Drew found he could laugh at that.
30
November was cold and snowy, but Drew Larson barely noticed. On the last day of the month, he watched (through the eyes of Sheriff Jim Averill) as Andy Prescott climbed the stairs to the gallows in the county seat. Drew was curious as to how the boy would take it. As it turned out—as the words spilled out—he did just fine. He had grown up. The tragedy (Averill knew it) was that the kid would never grow old. One drunken night and a fit of jealousy over a dancehall girl had put paid to everything that might have been.
On the first of December, Jim Averill turned in his badge to the circuit judge who had been in town to witness the hanging, then rode back to Bitter River, where he would pack his few things (one trunk would be enough) and say goodbye to his deputies, who had done a damn good job when the chips were down. Yes, even Jep Leonard, who was about as smart as a rock. Or sharp as a marble, take your pick.
On the second of December, the sheriff harnessed his horse to a light buggy, threw his trunk and saddle in the back, and headed west, thinking he might try his luck in California. The gold rush was over, but he longed to see the Pacific Ocean. He was unaware of Andy Prescott’s grief-stricken father, laid up behind a rock two miles out of town and looking down the barrel of a Sharps Big Fifty, the rifle which would become known as “the gun that changed the history of the west.”

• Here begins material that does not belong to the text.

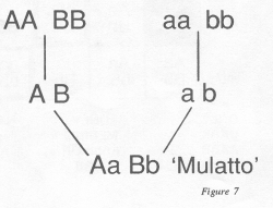 We know that skin color is governed by at least two (possibly more) sets of genes. Let's call them A and B, with the correspondingly more silent genes a and b, in a similar way to the eye example. (The small letters in this case code for a small amount of melanin.) So a very dark race which, on intermarriage, kept producing only very dark offspring, would be AA BB; the same situation for a very fair-skinned race would be aa bb. Let's look at what combinations would result in a mulatto (the offspring of an AA BB and aa bb union). (See Figure 7.)

Here came a light wagon, and sitting up there on the seat, boots on the splashboard, was the man responsible for his grief and spoiled hopes, the man who had killed his son. Not the judge, not the jury, not the hangman. No. That man down there. If not for Jim Averill, his son would be in Mexico now, with his long life—all the way into a new century!—ahead of him.
Prescott cocked the hammer. He laid the sights on the man in the wagon. He hesitated with his finger curled on the cold steel crescent of the trigger, deciding what to do in the forty seconds or so before the wagon breasted the next hill and disappeared from sight. Shoot? Or let him go?

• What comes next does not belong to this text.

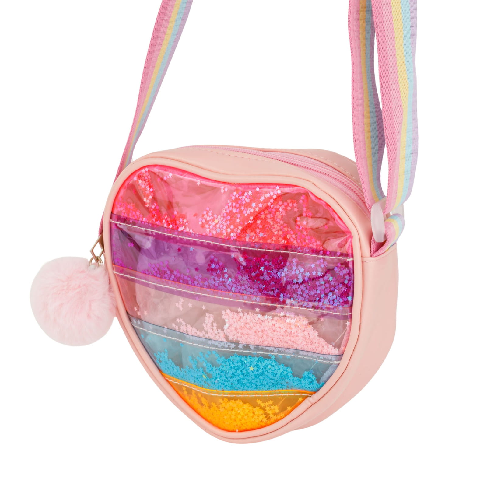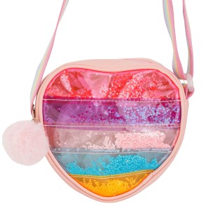 Przedstawiamy kolorową torebkę w kształcie serca z warstwami błyszczących cekinów-gwiazdek i uroczym, miękkim pomponem. Idealna dla dziewczynki, która lubi wyrażać siebie poprzez styl – i kocha wszystkie kolory tęczy!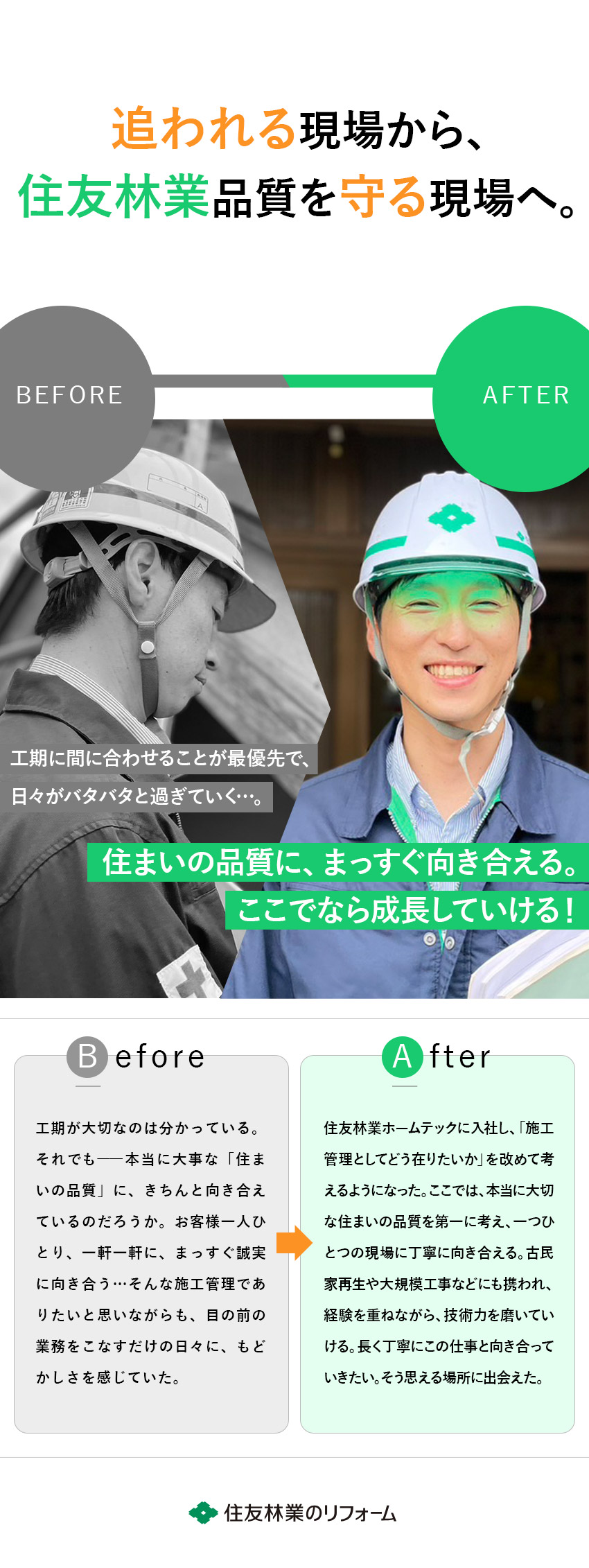 【高松】リフォーム施工管理◆住友林業Gの安定基盤/水日祝休/退職金・エリア限定制度有/出張なし

Drew thought of adding one more sentence—He made up his mind—and didn’t. That would lead some readers, perhaps many, to believe Prescott had decided to shoot, and Drew wanted to leave that issue unresolved. Instead, he hit the space bar twice and typed.
THE END
He looked at those two words for quite a long time. He looked at the pile of manuscript between his laptop and his printer; with the work of this final session added, it would come in at just under three hundred pages.